CHAPTER 4. THE LEGISLATURE.

ARTICLE 1A. LEGISLATIVE IMMUNITY.

§4-1A-1. Purpose; legislative findings and declarations.

(a) The purpose of this article is to describe the scope and limitations of legislative immunity provided by:

(1) English common law;

(2) The Speech or Debate Clause of the United States Constitution, Article I, Section 6;

(3) Decisions regarding legislative immunity as developed in federal common law by the federal judiciary in interpreting the Speech or Debate Clause of the United States Constitution, Article I, Section 6;

(5) The Speech or Debate Clause of the West Virginia Constitution, Article VI, Section 17;

(6) The Separation of Powers Doctrine and the system of checks and balances embodied in the United States Constitution; and

(7) The Division of Powers set forth in the West Virginia Constitution, Article V, Section 1.

(b) The Legislature finds and declares as follows:

(1) That the privilege of Speech or Debate has been recognized as an important protection of the independence and integrity of the Legislature.

(2) That the ancestry of this privilege traces back to a clause in the English Bill of Rights of 1689 and the history traces even further back, almost to the beginning of the development of the English Parliament as an independent force.

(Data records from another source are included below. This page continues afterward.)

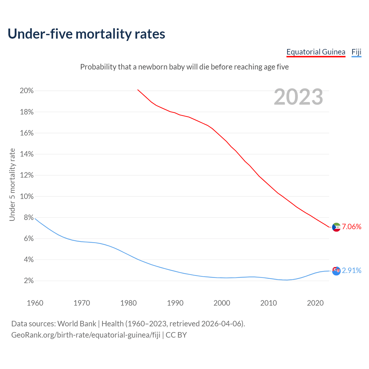 The chance that a newborn baby will die before reaching age five is 7.06% in Equatorial Guinea and 2.91% in Fiji. Above is a chart with historical data on under-five mortality rates.
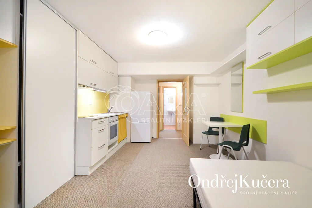 Tento prakticky řešený byt 1+kk s celkovou výměrou 29 m2 je vhodný pro jednotlivce, případně pár. Nachází se ve sníženém přízemí cihlového domu. V roce 2023 prošel rekonstrukcí a je plně vybavený. Má pokoj s kuchyňskou linkou, vstupní předsíň, koupelnu s vanou a samostatnou toaletu. Je vybavený vestavěnou skříní, pracovním stolem, postelí 130 cm širokou, jídelním stolem se židlemi, sklokeramickou varnou deskou, elektrickou troubou, lednicí s mrazákem, pračkou a bojlerem na ohřev vody v koupelně. Vedle bytu je také možnost využití společného uzamykatelného prostoru na kola.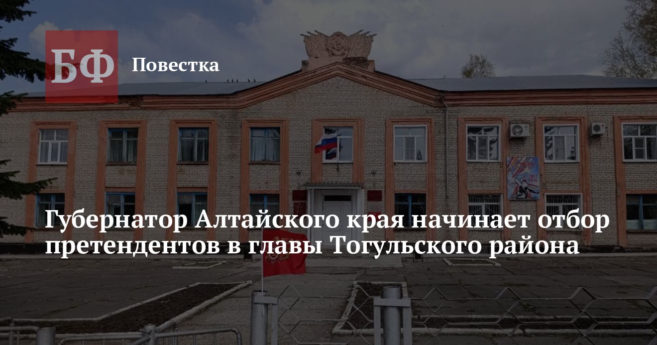 С 18 февраля губернатор Алтайского края Виктор Томенко начинает прием документов для отбора кандидатур на должность главы Тогульского района, которая стала вакантна в конце 2025 года. Об этом сообщила пресс-служба главы региона.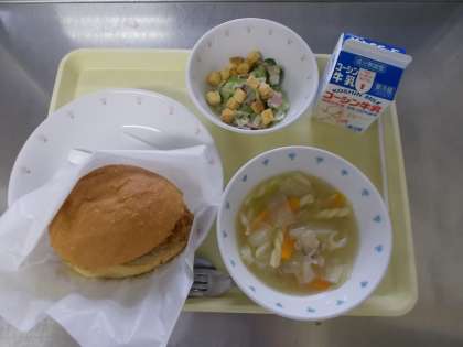 【牛乳 フィッシュバーガー シーザーサラダ マカロニスープ】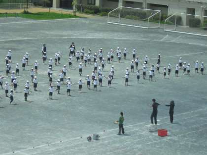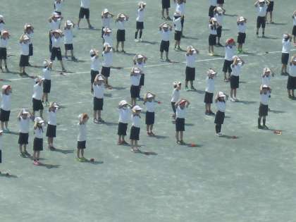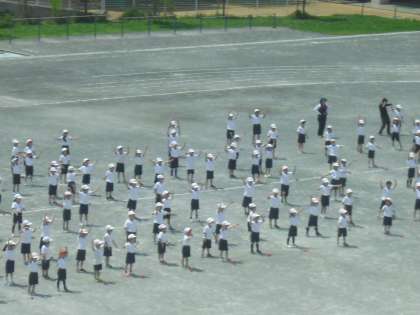 1年生6クラスが校庭に集合し、運動会練習を開始しました。1か月の限られた練習の中で、集団での行動を学習していきます。どうぞ運動会当日をお楽しみに・・・・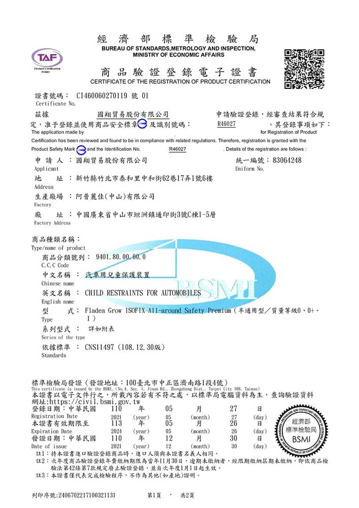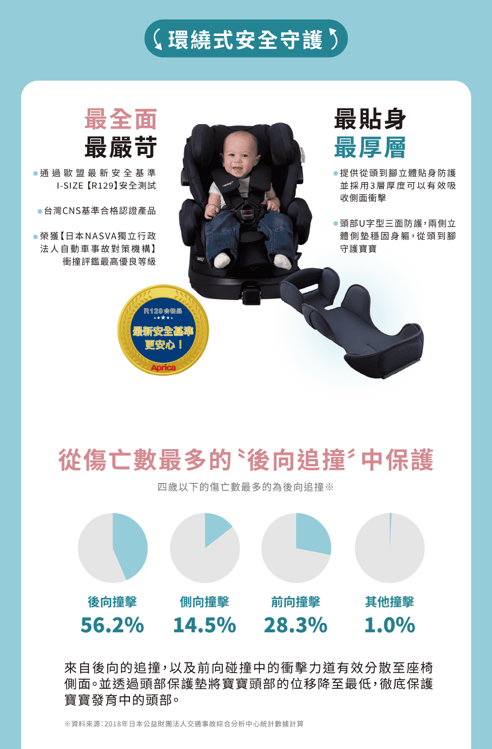 | 安全基準 | 歐盟最新基準I-Size(R129)認證 符合台灣CNS11497安全基準 |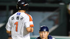 [OSEN=대전, 최규한 기자] 1일 오후 대전구장에서 '2014 한국야쿠르트 세븐 프로야구' 한화 이글스와 두산 베어스의 경기가 열렸다. 6회초 두산 공격 2사 3루 상황 칸투가 역전 1타점 적시 좌전안타를 날리고 1루에 안착해 두산 더그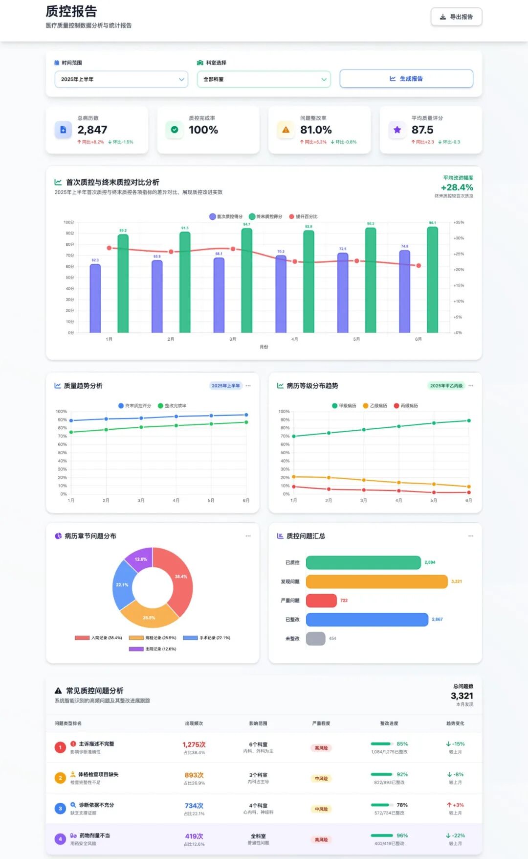 为院级领导及管理者量身打造定制化看板功能,通过可视化图表直观展示核心指标(如总病历数、质控完成率、问题整改率、平均质量评分及其变化趋势),并通过“首次质控与终末质控对比”量化AI应用成效(如平均改进幅度、病案完整性及诊断准确性等指标提升)。“常见质控问题分析”模块,从高频问题、影响科室、严重程度到整改进度与趋势,提供深度洞察。管理者亦可灵活筛选时间、科室进行数据钻取与科室绩效横向对比,精准制定改进策略,实现“运筹帷幄,数据领航”。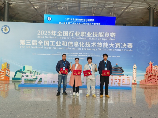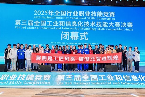 新闻网讯(通讯员谢真真)11月28日,第三届全国工业和信息化技术技能大赛全国总决赛在重庆落幕。武汉职业技术大学光电与信息学院教师谢真真、杨雁冰,学生郭焱坤、张小波凭借精湛技艺与默契协作,在 RISC-V等架构芯片开发与系统应用赛项中脱颖而出,一举斩获职工组、学生组两项全国二等奖,彰显了学校集成电路人才培养成效。闭幕式上,参赛师生与湖北代表团共同簇拥“展荆楚工匠风采 铸湖北智造辉煌”横幅,手捧奖杯证书定格荣耀瞬间。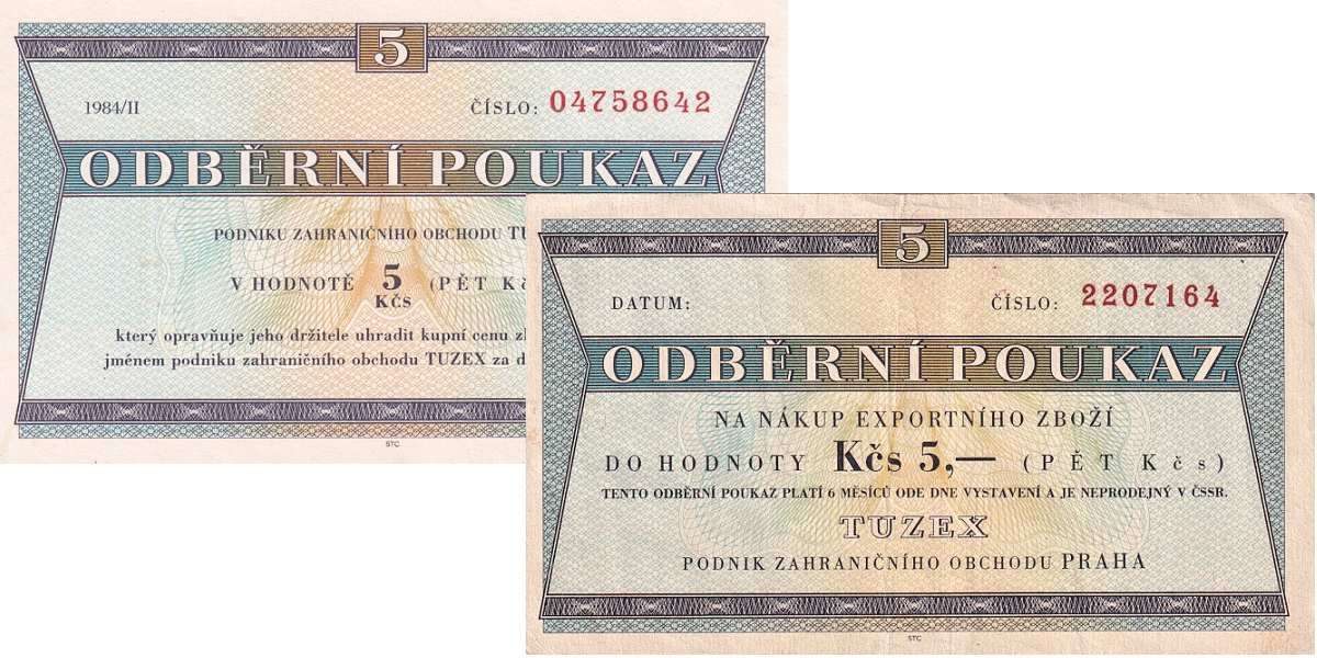 5 Kčs bez datumu(bez razítka vydání) a 1984/II, TUZEX, KŠK.35/V/2a, 56VIII, stav 2+, N, 2 ks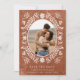 Celebrate your love with this rustic terracotta wedding Save the Date Card featuring an intricate floral design. Perfect for a boho-inspired wedding. Matching items in our store Cava Party Designs.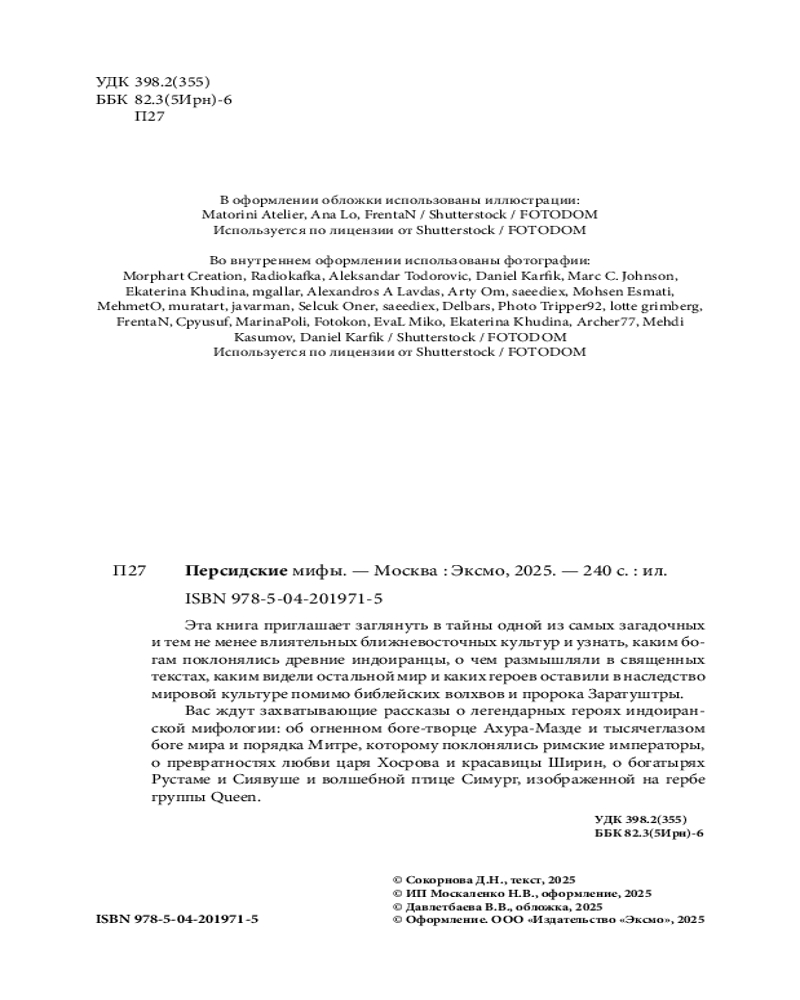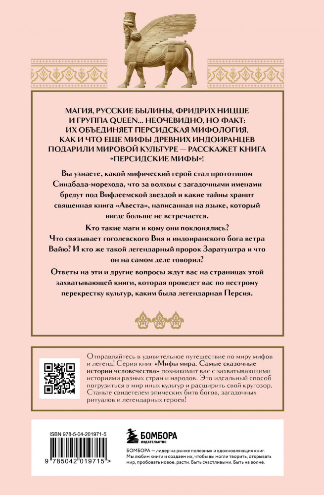 💳 Оплатить за товар можно при получении 🇰🇿 Есть бесплатная доставка по Казахстану от 1 дня 🎁 Копите бонусы с каждой покупки Серия: Мифы мира. Самые сказочные истории человечества Среди зыбучих песков времени, где цивилизации рождаются и умирают под напором вековых бурь, существовала одна не похожая на другие — ее миражи мы видим в герое греческих мифов Геракле и дионисийских плясках, сказках «Тысячи и одной ночи» и современных философских учениях. Персия, древнее и могущественное царство, подарила нам истории о таинственных богах и легендарных героях, о вечной борьбе света и тьмы, священном огне зороастризма и магах, постигших тайны мироздания. А что еще персидская цивилизация оставила в наследство мировой культуре, читайте в книге «Персидские мифы»! |

(3) That in the American governmental structure, privileges arising under the Speech or Debate Clause reinforce the Separation of Powers Doctrine and the system of checks and balances that was so deliberately established by the founding fathers and was carried over into the West Virginia Constitution.

(4) That the protections provided by the Speech or Debate Clause and the Separation of Powers Doctrine were not written into the national and state Constitutions simply for the personal or private benefit of members of Congress, the State Legislatures and local governing bodies, but were intended to protect the integrity of the legislative process by insuring the independence of individual legislators.